Design highly available blob storage service
Company: Pinterest
Role: Software Engineer
Category: System Design
Difficulty: medium
Interview Round: Onsite
Design a large-scale, highly available blob storage service similar to Amazon S3. The service should allow clients to store, retrieve, and delete arbitrarily sized binary objects (blobs) identified by keys.
Clarify and handle at least the following aspects in your design:
- Functional APIs (for example: create bucket, put object, get object, delete object, list objects in a bucket).
- Non-functional requirements: scalability to billions of objects, high availability, very high durability, and reasonable latency.
- Data model for buckets, objects, and metadata.
- Overall high-level architecture (front-end/API layer, metadata management, storage nodes, background services).
- How you partition and route traffic and data so the system can scale horizontally.
- How you achieve durability and fault tolerance (for example, replication or erasure coding across machines and data centers, handling node or rack failures, background repair).
- Consistency model (for example, eventual vs stronger guarantees) and how reads and writes flow through the system.
- How uploads and downloads work for very large objects (for example, multipart upload, range reads).
- Security and access control at a high level (authentication, authorization, encryption in transit and at rest).
- Monitoring, metrics, and capacity planning considerations.
Walk through the main data flows (a typical write/PUT and a typical read/GET), explain key trade-offs in your design, and justify the choices you make.

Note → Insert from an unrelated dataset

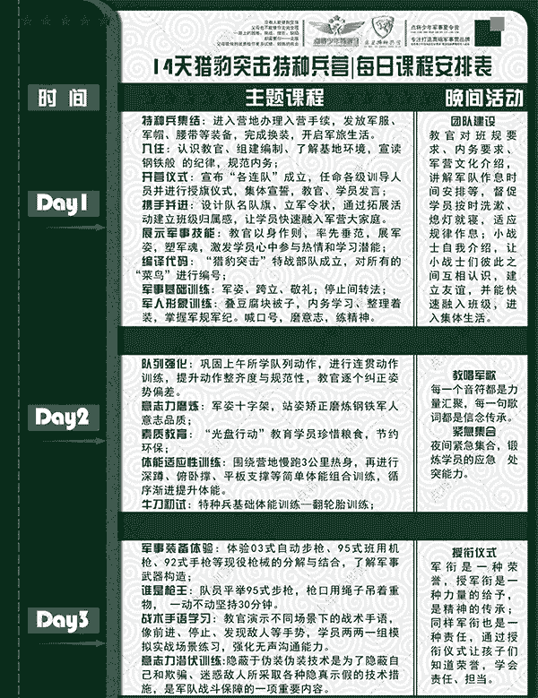 缴订金报名即可预留名额及优惠;开营7天前,可退营(全额退费)或改期

Quick Answer: This question evaluates a candidate's competency in designing scalable, durable, and highly available blob/object storage systems, encompassing distributed systems architecture, data modeling for buckets and objects, metadata management, partitioning and routing, fault tolerance strategies, consistency models, large-object transfer patterns, security controls, and operational concerns like monitoring and capacity planning. Commonly asked in the System Design domain to assess practical application of architectural patterns and trade-offs—horizontal scalability, durability versus latency, consistency guarantees, and operational resilience—it primarily tests practical system-design skills grounded in conceptual understanding of distributed systems.